▶ _INSTRUCTIONS TO FOLLOW_
Would you repeat the data below exactly, taking out the images?

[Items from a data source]
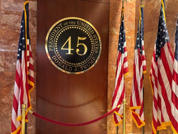 La interior se pot cumpăra tot felul de suveniruri ale lui Trump și MAGA iar fanii lui pot face poze
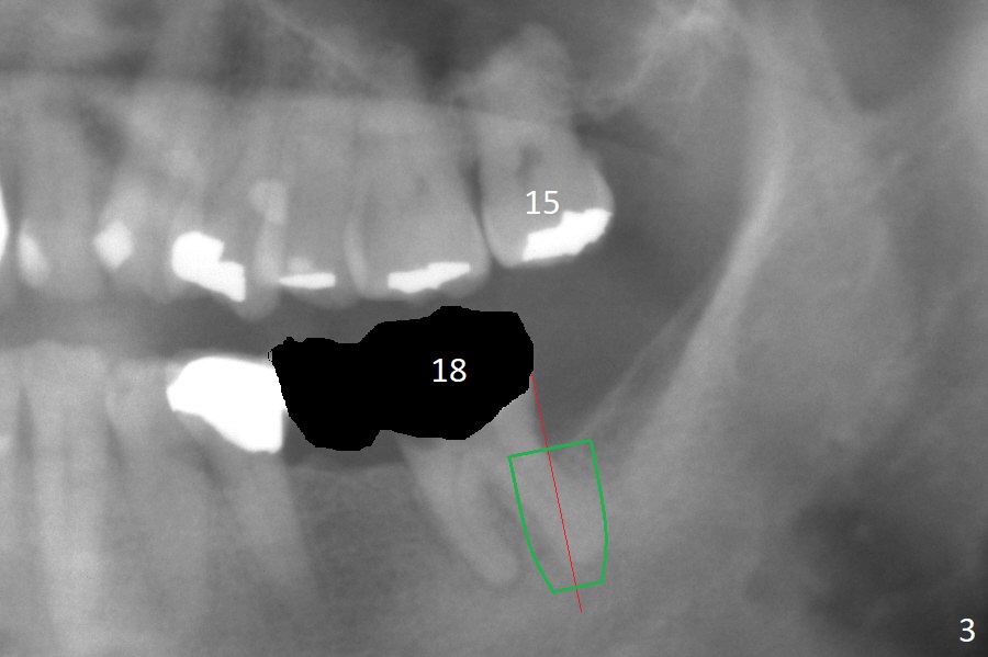 After extraction of the residual root at #18 (Fig.1), the septum is narrow, while the distal socket seems to be the most appropriate site for implant placement (Fig.2 (M: mesial)). In fact the implant needs to tilt slightly distally (relative to the original trajectory of the distal socket, Fig.3 green) to occlude with the opposing tooth. The implant at #19 could be placed more mesially (Fig.4 (*: Vera Graft)).
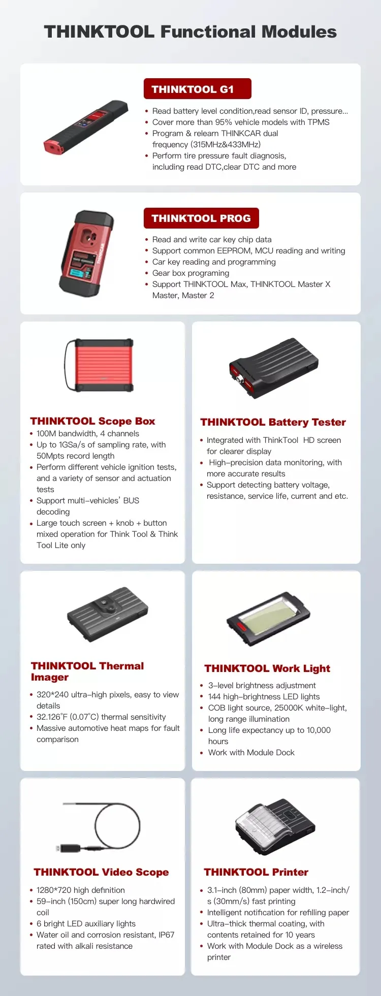 THINKTOOL MAX is equipped with four intelligent diagnostic modules, ThinkEasy WirelessBattery Tester, Video Scope, ThinkTpms G1 , Oscilloscope. All modules connect to the tablet via Wi-Fi or USB cable, making diagnosis easier and faster.
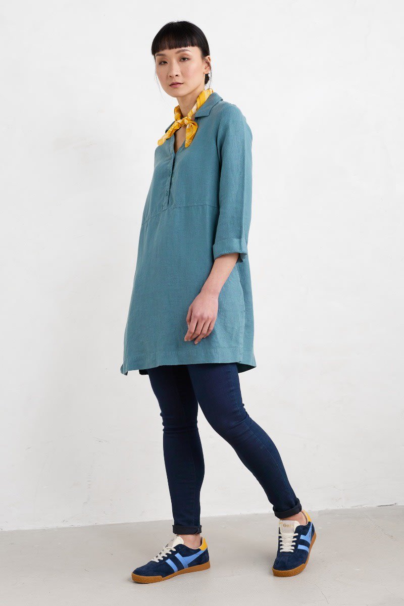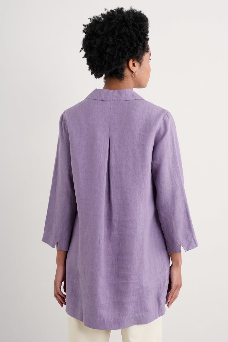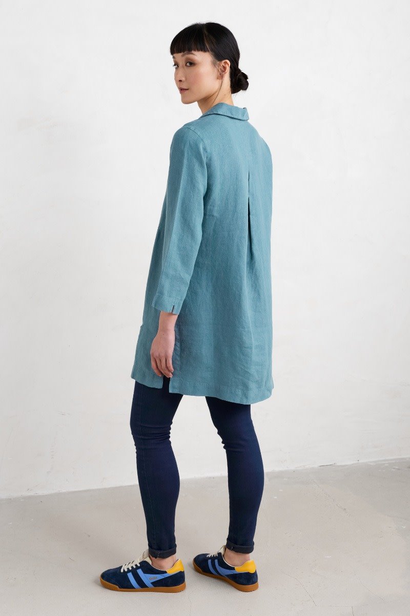 Airy and relaxed, our mid-length Early Sun Tunic is woven from 100% linen. Designed to get better with every wash and wear, we’ve given this timeless style bracelet-length sleeves, a relaxed collar and V-neck, as well as a simple box pleat to the back to lend the body a gentle swing. The hem is finished with deep vents at the side with heritage-inspired bar tack stitches for longevity.
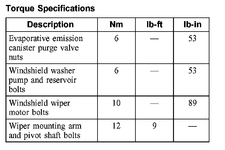 Torque Specifications:

▶ _ANSWER TO THIS PROBLEM_
 La interior se pot cumpăra tot felul de suveniruri ale lui Trump și MAGA iar fanii lui pot face poze
 After extraction of the residual root at #18 (Fig.1), the septum is narrow, while the distal socket seems to be the most appropriate site for implant placement (Fig.2 (M: mesial)). In fact the implant needs to tilt slightly distally (relative to the original trajectory of the distal socket, Fig.3 green) to occlude with the opposing tooth. The implant at #19 could be placed more mesially (Fig.4 (*: Vera Graft)).
 THINKTOOL MAX is equipped with four intelligent diagnostic modules, ThinkEasy WirelessBattery Tester, Video Scope, ThinkTpms G1 , Oscilloscope. All modules connect to the tablet via Wi-Fi or USB cable, making diagnosis easier and faster.
 Airy and relaxed, our mid-length Early Sun Tunic is woven from 100% linen. Designed to get better with every wash and wear, we’ve given this timeless style bracelet-length sleeves, a relaxed collar and V-neck, as well as a simple box pleat to the back to lend the body a gentle swing. The hem is finished with deep vents at the side with heritage-inspired bar tack stitches for longevity.
 Torque Specifications:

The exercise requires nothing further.